The moment one professed Islam he became an Osmanli. Religion has always been the test of nationality in the Ottoman Empire.[143] The Osmanlis increased from the thousands to the millions, in Macedonia, in Thrace, and in Asia Minor. Ancestry was quickly forgotten in the midst of ever-changing conditions and the founding of a new social order. It is still a characteristic of the Osmanli that he has no surname. The most widely-read English writer of the seventeenth century on the ‘Turks’ emphasized the mixture of blood in the Osmanli, when he wrote: ‘At present the blood of the Turks is so mixed with that of all sorts of Languages and Nations, that none of them can derive his Lineage from the ancient blood of the Saracens.’[144]
A majority of the Byzantines whom Orkhan, Murad, and Bayezid conquered must have become Osmanlis. Once the change of religion was made, the development of the new race was not difficult. There was much in common between the Turk of Asia Minor and the Byzantine. An Armenian contemporary wrote of them as if they were alike.[145] The Greeks did not take to heart the new régime,[146] for the fiscal evils of the Byzantine system reconciled them in advance to a change. Nothing could be worse than that which they had suffered.[147]

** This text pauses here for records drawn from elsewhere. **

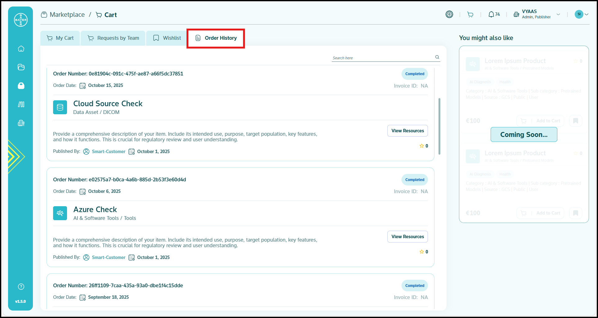 Once an order has been placed, it will be visible in your "Order History" tab inside the Shopping Cart. This shows all statuses of your purchased item. On clicking the entry, it takes you to the item's detailed view page.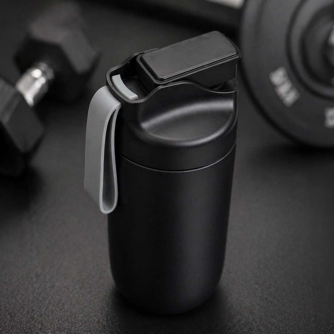 Schwarzer Fitness-Shaker aus Edelstahl – stilvoller Begleiter für ein aktives Leben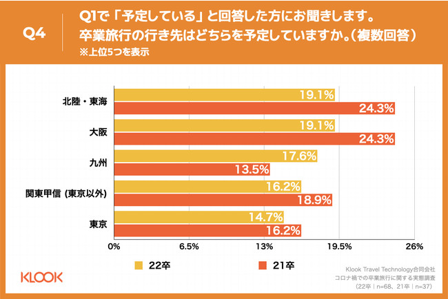 Q1で「予定している」と回答した方に、「Q4.卒業旅行の行き先はどちらを予定していますか。(複数回答)」(n=68)と質問したところ、「北陸・東海」が19.1%、「大阪」が19.1%、「九州」が17.6%という回答となりました。21卒(n=37)と比較し、「北陸・東海」、「大阪」がそれぞれ5.2ポイント減という結果になりました。
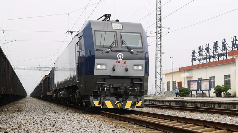 9月4日,一列火車駛進欽州港東站轉(zhuǎn)運集裝箱。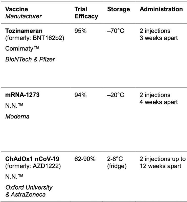 Kể từ ngày 08/01/2021, cả ba loại vắc xin nêu trên đã được chấp thuận sử dụng rộng rãi ở Châu Âu và Mỹ. Về hiệu quả bảo vệ của vắc-xin: trong các thử nghiệm ở giai đoạn III, tozinameran và mRNA-1273 chứng minh có hiệu quả trên 94%, trong khi ChAdOx1 nCoV-19 có hiệu quả từ 62-90%. Cả 3 loại vắc-xin đều được tiêm thành hai liều cách nhau ba tuần (nRNA-1273), bốn tuần (Tozinameran) hoặc 12 tuần (ChAdOx1). Người tiêm vắc-xin sẽ được bảo vệ khỏi bị nhiễm SARS-CoV-2 từ khoảng 7 ngày sau khi tiêm lần thứ hai; tuy nhiên, với mũi tiêm vắc-xin đầu tiên đã có thể cung cấp biện pháp bảo vệ cơ thể, nhất là đối với nhiễm COVID-19 nghiêm trọng.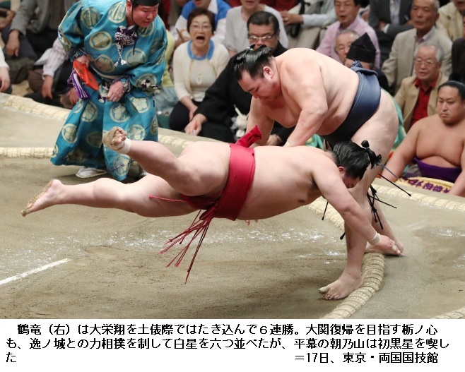 横綱 鶴竜は平幕の大栄翔を土俵際ではたき込んで6連勝。鶴竜は「最後は体が反応した。いい相撲ではないけど、余裕があった」と話していました。 (NHK WEB NEWS 2019年5月17日 18時57分)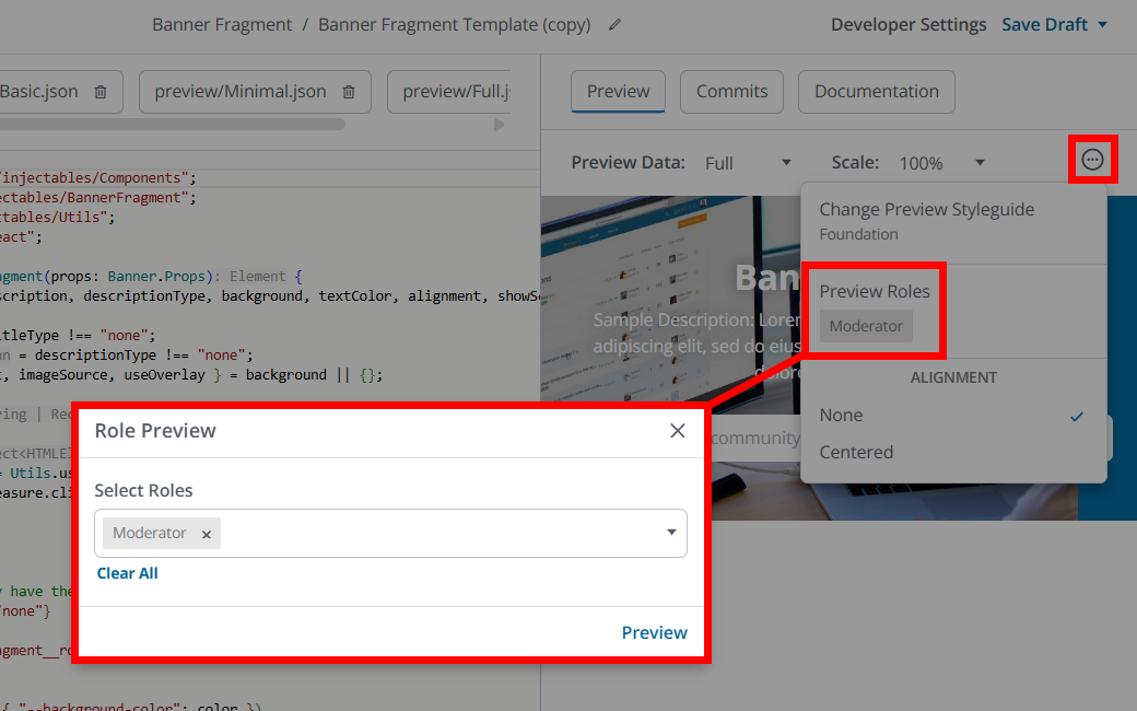 IMPORTANT: Always clear Role Preview when you’re done testing. Role Preview simulates selected roles and merges their permissions, which directly changes what renders and which code paths execute; if left on, you can misread widget visibility and permissions and commit changes based on a simulated state.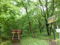 | 烏帽子ヶ岳の登山口に到着。 烏帽子ヶ岳の登山道は、鳥居の奥に続いています。 鳥居をくぐり、道標に従って歩いて行くと、程なくしてまた鳥居が出現します。 |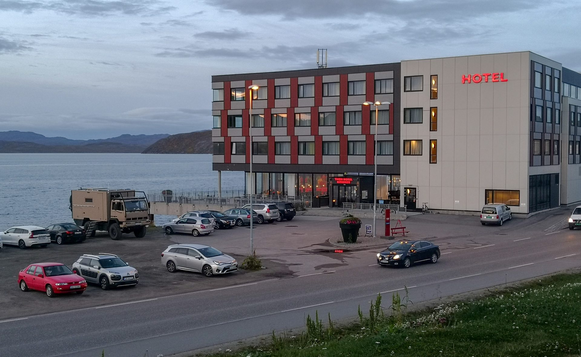 Am Nachmittag wollen wir uns gemütlich einrichten, da merken wir, dass wir zu wenig Strom haben. Mit den Solarpanels am Dach und dem Ladewandler, der während der Fahrt die Lithium Ionen Batterie lädt, ist Strom an und für sich kein Problem. Aber natürlich nur, wenn alles funktioniert. Zuerst vermuten wir, dass die Sonne nicht stark genug ist, also fahren wir einfach ein Stück zurück und suchen uns auf dem Weg einen Schlafplatz für die Nacht. Weit gefehlt. Der Ladewandler funktioniert nicht, so unsere nächste Überlegung. Damit haben wir ein Problem, da der Strom nicht mehr über Nacht reicht. Campingplätze gibt es auf der Halbinsel nicht. Der nächste Campingplatz ist in Ifjord, 100 km weg. Frustriert nehmen wir das in Kauf und fahren nach Ifjord. Der Campingplatz erweist sich als hässlich und teuer. Aber wir haben Strom und glücklicherweise noch ein bisschen Wein an Bord.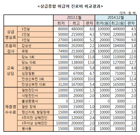 ºñ±³¿¡´Â Á÷Á¢ ºñ±³°¡ °¡´ÉÇÑ »ó±Þº´½Ç·á, °©»ó¼± ¹× À¯¹æ ÃÊÀ½ÆÄ°Ë»ç, ±³À°»ó´ãºñ, Á¦Áõ¸í¼ö¼ö·á ÃÑ 19°³ Ç׸ñÀÌ Æ÷ÇԵƴÙ. 2013³â °ø°³Ç׸ñÀ̾ú´ø PETÃÔ¿µºñ¿Í ĸ½¶³»½Ã°æÀº ±Þ¿©·Î ÀüȯµÅ Á¦¿ÜµÆ´Ù.

Of course, the love of woman, the desire for adventure, hope of economic independence through rewards of land and removal of onerous taxes, disgust with the Byzantine administration and with the lack of support from their rulers and ecclesiastical authorities—these influences did not cause the conversion of all the Christians. In the cities, where the inequality and the inconvenience of remaining true to the old faith was minimized, and where Christianity has always been able to make itself felt and heard,[148] there was no great temptation to a change of religion. After the Osmanlis became stronger, and entered into the aggressive period of conquest, they resorted to other means to swell their numbers. The institution of the Janissaries, and the permission to enslave those whom they conquered, gave the Osmanlis more potent and immediately pressing arguments.
From the completion of the conquest of Bithynia by Orkhan, the Osmanlis can be called a distinct race with a national consciousness and a desire for expansion. They can be distinguished from the Turks of the emirates of Asia Minor and from the Byzantines. The Turk did not absorb the Greek, nor did the Greek absorb the Turk. Both had taken a new religion, and if the Turkish language was adopted, it was rather the customs and laws of the Byzantines which prevailed until the influence of the Arabs, enhanced as it was with the prestige of centuries of Islam, gained the ascendancy over Turkish and Byzantine tradition alike. But this did not occur until the Osmanlis invaded Syria, Egypt, and Mesopotamia at the beginning of the sixteenth century.
It must be remembered that the Greeks were not the only element added to the Turkish stock. The adoption of the Turkish language by the Osmanlis was due not only to the fact that from the beginning it was the military and governmental language, but to its being the simplest and most vigorous medium of communication for the different peoples who became Osmanlis.